Saturday, April 16, 2011

Meet the servicers who avoided the foreclosure settlement, for now

Not every mortgage servicer was required to sign consent orders with the Office of the Comptroller of the Currency, the Federal Reserve or the Office of Thrift Supervision.


But for them, a blend of 50 state attorneys general and smaller regulators are quietly building their case for applying separate punitive damages.

When foreclosure issues arose in the servicing industry last fall, the problems did not solely belong to the largest institutions. Smaller companies had to hold up foreclosures fix faulty affidavits and other breakdowns in the loss- mitigation process. Along with the 10 major settlements announced Wednesday, the OTS cracked down on four smaller thrifts that serviced loans as well.

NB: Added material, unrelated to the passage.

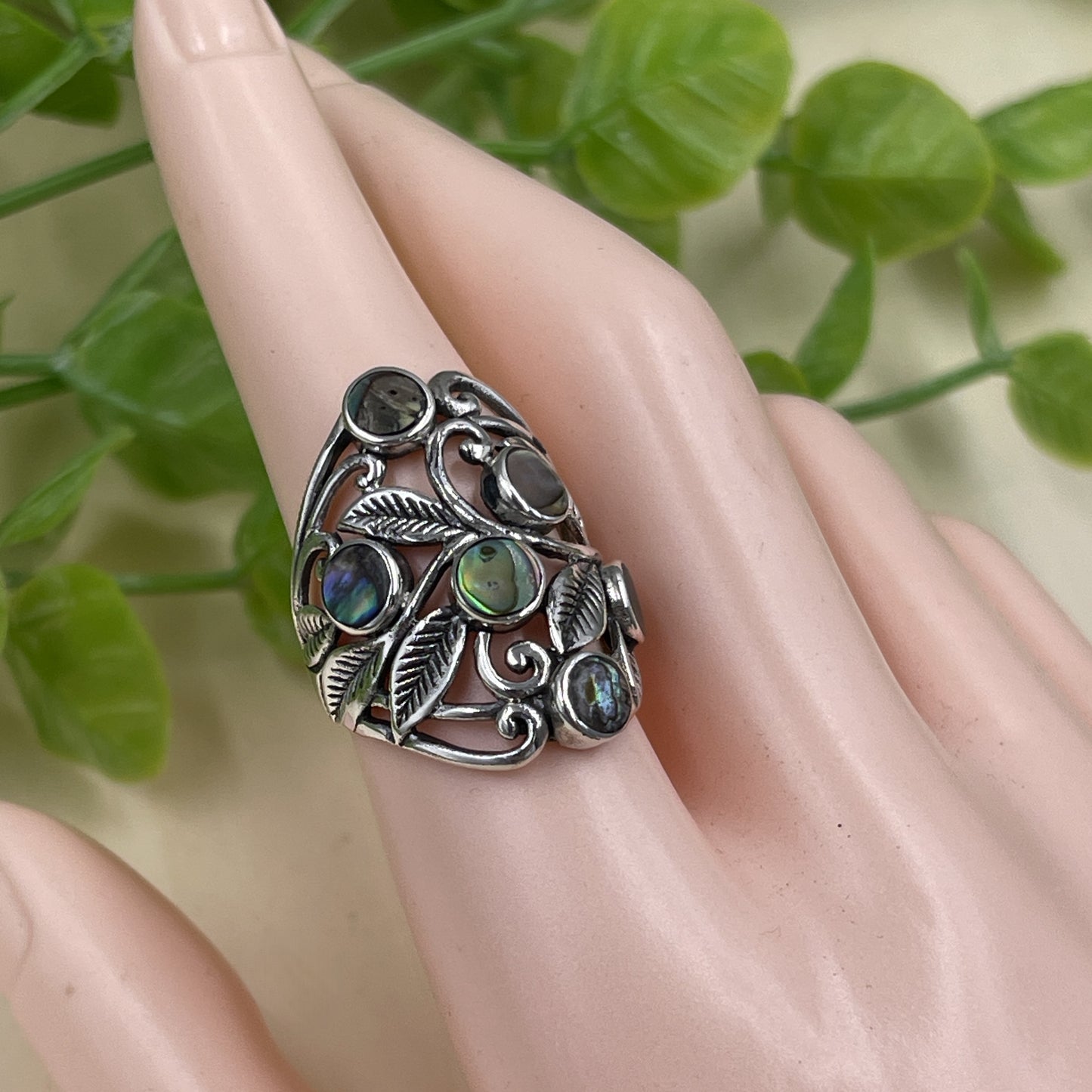 Abalone/Paua Shell 925 Sterling Silver Filigree Leaf Ring

But some of the other financial firms that flesh out the top 25 spots in terms of total mortgage servicing fall between the regulatory cracks.

Litton Loan Services, which is currently being shopped by Goldman Sachs (GS: 155.13 -0.42%), halted foreclosures in October 2010 to refile affidavits. Saxon Mortgage, owned by investment bank Morgan Stanley (MS: 26.98 +0.71%) fell under scrutiny as well. American Home Mortgage has been under investigation from the Texas AG Greg Abbott since 2010. And Ocwen Financial Corp. (OCN: 10.75 +1.13%), which never instituted a foreclosure moratorium of its own, did fall under investigation.

Each of those mortgage servicers is registered to do business in their respective states as non-bank lenders. Therefore these companies do not fall under the jurisdiction of either the OCC, Fed, or OTS.

A spokesperson with the Office of Financial Regulation for the State of Florida did confirm the state regulator was still looking into Ocwen, which has offices in Orlando. Litton and Saxon may have to answer to their respective state attorneys general.